Each agent operates in a smaller cognitive scope. Smaller scope means less confusion, better instruction adherence, and easier debugging.

// Before: One agent trying to do everything
type GodAgent struct {
    // Planning
    // Research
    // Coding
    // Execution
    // Verification
    // Memory
    // Everything...
}

// After: Specialized agents
type Agency struct {
    Planner    *Agent // Just plans
    Researcher *Agent // Just researches
    Coder      *Agent // Just codes
    Executor   *Agent // Just executes
    Verifier   *Agent // Just verifies
}
Enter fullscreen mode Exit fullscreen mode

An agency isn't necessarily faster by default.
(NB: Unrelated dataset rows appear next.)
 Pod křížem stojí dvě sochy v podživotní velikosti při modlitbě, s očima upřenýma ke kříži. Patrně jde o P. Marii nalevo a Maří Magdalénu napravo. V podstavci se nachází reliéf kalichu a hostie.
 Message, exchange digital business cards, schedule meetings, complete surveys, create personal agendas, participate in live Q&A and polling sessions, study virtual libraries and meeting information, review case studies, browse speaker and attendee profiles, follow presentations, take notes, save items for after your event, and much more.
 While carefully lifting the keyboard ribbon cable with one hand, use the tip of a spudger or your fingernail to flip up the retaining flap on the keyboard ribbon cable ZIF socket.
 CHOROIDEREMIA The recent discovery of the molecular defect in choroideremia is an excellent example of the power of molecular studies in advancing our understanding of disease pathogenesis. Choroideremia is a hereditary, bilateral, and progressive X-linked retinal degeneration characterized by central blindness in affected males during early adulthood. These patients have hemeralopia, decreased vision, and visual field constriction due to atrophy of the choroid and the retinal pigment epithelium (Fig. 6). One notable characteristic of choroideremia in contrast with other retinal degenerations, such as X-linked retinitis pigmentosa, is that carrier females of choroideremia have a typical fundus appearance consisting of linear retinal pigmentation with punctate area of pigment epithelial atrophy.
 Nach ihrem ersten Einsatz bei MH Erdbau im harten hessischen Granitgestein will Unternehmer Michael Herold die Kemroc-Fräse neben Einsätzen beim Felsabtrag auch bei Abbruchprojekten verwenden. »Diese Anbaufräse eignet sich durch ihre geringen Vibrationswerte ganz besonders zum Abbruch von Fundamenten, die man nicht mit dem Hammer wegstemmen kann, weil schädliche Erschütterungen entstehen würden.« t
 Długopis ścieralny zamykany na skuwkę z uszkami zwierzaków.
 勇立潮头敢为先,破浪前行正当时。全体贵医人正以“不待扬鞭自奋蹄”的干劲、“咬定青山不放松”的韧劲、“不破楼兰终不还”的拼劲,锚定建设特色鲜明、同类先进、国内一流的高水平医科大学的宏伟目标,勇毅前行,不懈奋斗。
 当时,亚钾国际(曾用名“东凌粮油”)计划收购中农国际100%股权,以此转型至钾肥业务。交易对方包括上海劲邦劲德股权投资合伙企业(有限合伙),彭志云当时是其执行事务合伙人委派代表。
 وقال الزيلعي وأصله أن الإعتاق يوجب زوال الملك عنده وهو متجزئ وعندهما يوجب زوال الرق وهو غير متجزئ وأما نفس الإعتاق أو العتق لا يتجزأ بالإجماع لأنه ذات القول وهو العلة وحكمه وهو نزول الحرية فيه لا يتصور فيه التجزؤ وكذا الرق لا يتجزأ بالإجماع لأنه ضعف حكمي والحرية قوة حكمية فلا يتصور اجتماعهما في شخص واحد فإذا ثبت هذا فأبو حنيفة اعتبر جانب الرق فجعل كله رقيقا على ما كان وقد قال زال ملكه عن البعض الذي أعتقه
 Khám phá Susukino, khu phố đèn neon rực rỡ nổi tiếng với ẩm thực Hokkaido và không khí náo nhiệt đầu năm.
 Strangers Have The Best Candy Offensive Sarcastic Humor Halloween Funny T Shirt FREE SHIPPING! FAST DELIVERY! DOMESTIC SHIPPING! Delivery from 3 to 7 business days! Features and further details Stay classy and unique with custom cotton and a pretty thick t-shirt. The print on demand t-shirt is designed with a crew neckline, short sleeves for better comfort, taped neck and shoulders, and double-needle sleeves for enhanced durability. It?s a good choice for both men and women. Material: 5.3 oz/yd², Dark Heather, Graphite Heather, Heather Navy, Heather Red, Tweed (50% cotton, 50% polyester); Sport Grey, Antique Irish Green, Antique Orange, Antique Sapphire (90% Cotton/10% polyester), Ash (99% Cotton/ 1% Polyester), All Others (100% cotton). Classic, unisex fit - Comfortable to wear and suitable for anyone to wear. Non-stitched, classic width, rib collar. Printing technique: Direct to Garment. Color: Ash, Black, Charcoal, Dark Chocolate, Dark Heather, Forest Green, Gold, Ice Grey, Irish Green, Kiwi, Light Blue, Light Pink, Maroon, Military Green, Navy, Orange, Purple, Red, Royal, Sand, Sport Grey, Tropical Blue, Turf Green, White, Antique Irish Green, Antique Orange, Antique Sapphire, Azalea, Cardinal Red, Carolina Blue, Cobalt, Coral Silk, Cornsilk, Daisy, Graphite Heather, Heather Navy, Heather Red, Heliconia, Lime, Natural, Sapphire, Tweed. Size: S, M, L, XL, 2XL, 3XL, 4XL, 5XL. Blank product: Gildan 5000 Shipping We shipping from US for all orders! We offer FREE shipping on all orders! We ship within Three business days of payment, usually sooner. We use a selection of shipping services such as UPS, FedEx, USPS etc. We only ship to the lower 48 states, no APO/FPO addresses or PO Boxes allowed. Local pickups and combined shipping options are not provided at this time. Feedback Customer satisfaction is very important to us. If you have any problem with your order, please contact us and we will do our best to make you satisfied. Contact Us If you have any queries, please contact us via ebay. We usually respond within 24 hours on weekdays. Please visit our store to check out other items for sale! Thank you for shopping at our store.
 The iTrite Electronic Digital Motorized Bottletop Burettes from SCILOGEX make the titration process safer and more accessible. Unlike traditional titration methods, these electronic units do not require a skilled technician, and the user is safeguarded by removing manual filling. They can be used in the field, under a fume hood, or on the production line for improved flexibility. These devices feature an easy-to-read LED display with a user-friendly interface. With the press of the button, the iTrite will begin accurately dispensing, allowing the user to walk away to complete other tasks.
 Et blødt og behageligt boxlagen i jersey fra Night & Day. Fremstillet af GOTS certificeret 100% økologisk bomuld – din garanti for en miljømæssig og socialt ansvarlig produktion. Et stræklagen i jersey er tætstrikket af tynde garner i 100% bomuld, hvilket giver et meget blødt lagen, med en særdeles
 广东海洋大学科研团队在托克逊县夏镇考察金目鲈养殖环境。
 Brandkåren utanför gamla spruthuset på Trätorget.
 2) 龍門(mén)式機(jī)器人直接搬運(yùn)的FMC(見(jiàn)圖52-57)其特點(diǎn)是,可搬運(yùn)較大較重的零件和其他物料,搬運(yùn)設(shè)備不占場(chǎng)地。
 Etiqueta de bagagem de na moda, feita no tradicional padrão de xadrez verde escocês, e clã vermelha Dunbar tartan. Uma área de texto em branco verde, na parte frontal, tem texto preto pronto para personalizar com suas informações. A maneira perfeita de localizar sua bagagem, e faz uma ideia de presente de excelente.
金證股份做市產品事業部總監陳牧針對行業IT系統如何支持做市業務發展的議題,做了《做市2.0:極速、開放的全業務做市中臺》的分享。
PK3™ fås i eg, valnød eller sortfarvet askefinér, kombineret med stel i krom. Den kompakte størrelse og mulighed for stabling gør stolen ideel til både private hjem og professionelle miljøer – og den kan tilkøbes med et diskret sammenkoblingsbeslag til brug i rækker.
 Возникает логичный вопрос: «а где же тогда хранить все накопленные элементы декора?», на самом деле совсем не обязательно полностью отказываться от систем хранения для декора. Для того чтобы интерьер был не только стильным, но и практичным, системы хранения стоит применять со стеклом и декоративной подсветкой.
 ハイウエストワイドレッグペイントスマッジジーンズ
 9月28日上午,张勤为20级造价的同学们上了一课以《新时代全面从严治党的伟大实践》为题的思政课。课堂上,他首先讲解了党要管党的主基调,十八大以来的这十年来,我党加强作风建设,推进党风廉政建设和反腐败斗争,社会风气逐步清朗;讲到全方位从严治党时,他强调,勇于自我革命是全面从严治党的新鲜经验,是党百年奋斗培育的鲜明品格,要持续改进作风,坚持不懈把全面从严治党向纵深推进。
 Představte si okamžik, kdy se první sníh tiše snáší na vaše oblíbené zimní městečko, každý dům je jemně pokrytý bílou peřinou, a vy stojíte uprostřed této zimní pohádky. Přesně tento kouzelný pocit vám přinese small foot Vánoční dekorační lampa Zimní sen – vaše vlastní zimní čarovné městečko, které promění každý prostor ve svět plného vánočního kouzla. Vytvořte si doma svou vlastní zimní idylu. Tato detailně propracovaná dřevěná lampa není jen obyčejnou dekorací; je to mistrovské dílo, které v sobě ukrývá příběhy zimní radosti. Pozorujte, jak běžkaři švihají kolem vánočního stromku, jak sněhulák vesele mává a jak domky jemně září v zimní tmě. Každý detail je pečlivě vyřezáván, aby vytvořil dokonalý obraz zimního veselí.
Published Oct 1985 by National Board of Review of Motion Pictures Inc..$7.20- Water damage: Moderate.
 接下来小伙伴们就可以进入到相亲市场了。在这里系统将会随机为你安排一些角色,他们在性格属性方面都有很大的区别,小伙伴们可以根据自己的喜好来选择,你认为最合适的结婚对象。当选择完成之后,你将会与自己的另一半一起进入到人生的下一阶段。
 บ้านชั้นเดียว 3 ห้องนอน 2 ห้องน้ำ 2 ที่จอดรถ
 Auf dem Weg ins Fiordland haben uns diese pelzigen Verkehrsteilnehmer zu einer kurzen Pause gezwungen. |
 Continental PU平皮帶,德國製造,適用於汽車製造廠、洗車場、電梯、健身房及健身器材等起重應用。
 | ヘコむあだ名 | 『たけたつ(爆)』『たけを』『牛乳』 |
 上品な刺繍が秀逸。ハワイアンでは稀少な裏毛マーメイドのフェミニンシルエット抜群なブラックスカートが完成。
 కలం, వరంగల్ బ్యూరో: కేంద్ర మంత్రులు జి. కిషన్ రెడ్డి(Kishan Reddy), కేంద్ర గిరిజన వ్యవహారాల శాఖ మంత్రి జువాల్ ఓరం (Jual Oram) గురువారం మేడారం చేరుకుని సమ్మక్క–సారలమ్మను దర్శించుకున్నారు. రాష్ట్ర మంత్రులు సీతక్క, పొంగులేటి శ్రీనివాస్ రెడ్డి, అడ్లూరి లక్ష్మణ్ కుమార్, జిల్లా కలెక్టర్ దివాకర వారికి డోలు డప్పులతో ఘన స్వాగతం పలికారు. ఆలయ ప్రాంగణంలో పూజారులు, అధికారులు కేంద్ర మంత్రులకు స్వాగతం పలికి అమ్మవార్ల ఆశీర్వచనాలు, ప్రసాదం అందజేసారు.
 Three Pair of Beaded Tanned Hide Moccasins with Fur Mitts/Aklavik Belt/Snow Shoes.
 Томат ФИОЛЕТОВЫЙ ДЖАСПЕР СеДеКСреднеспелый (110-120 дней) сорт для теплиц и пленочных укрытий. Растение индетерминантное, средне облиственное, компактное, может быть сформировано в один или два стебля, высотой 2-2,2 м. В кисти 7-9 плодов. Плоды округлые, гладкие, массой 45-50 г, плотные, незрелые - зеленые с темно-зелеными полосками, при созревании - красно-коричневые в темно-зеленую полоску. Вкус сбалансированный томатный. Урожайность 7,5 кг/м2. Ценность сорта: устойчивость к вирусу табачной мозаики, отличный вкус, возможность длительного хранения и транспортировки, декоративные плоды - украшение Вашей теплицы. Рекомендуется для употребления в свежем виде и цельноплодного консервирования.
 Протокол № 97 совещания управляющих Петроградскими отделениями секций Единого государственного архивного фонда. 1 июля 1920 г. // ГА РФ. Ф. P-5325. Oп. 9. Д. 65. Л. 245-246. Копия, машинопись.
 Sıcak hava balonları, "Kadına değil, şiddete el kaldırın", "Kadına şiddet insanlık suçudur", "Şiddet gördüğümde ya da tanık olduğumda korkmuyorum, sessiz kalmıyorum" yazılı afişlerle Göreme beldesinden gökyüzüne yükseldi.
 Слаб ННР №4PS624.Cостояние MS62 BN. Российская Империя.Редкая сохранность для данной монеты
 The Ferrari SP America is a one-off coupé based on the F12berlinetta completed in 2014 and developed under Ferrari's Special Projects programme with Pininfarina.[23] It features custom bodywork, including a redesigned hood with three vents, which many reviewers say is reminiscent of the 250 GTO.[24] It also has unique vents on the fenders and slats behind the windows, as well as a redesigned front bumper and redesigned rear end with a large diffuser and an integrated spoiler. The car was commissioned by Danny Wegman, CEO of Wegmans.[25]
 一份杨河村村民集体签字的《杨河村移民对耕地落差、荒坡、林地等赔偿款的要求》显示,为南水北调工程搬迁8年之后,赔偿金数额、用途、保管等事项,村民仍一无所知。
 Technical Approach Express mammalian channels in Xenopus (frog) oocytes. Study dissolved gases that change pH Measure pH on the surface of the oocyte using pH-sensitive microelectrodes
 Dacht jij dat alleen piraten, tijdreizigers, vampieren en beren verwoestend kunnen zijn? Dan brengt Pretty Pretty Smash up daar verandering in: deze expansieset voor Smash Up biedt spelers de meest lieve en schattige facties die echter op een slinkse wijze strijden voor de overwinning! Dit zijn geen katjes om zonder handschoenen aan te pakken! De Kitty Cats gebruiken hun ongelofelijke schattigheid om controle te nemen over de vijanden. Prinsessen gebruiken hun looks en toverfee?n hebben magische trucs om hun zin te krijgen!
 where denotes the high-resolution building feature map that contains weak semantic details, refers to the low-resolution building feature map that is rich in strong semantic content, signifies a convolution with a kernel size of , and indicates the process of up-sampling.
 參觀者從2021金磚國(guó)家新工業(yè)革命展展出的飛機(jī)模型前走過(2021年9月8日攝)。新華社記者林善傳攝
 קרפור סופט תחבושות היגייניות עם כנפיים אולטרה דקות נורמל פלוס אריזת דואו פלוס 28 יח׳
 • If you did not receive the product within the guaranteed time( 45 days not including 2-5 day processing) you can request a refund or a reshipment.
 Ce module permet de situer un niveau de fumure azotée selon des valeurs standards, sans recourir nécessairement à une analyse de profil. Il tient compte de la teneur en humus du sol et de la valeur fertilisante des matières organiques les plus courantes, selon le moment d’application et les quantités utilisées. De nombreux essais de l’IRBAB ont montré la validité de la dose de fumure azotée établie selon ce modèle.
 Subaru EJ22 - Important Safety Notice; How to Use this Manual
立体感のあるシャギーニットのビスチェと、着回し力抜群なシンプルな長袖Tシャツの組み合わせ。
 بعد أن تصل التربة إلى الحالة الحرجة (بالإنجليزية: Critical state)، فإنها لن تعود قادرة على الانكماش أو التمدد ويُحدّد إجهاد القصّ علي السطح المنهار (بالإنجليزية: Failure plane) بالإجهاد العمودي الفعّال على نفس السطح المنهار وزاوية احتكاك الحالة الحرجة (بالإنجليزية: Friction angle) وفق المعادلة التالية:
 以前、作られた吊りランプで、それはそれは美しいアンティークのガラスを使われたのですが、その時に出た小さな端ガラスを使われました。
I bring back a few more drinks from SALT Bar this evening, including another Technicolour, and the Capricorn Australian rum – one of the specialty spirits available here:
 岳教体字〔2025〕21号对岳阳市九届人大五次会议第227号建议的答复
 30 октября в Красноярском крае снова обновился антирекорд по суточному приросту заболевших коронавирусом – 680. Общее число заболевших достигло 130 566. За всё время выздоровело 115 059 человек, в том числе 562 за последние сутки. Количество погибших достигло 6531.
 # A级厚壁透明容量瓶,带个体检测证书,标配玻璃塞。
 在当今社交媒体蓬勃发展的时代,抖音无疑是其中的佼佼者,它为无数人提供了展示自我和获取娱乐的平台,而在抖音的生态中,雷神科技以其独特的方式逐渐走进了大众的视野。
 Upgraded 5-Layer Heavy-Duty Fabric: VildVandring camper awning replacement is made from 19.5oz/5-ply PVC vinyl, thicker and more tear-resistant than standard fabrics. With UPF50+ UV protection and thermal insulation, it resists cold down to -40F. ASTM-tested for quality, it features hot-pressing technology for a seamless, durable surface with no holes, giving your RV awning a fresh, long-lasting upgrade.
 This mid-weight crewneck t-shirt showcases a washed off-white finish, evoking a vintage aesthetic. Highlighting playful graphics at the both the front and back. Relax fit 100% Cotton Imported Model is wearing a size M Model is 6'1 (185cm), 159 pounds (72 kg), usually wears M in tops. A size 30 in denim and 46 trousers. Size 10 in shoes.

It's more stable. Speed is a side effect. Stability is the goal.

The Hexagonal Architecture Decision

The AI landscape is in constant flux. New API versions, model capabilities, providers, and technologies emerge every month.

So how does this connect to architecture? Simple: if LLMs are inherently volatile and the AI field evolves so rapidly, your architecture needs to be decoupled to protect your system from these shifts.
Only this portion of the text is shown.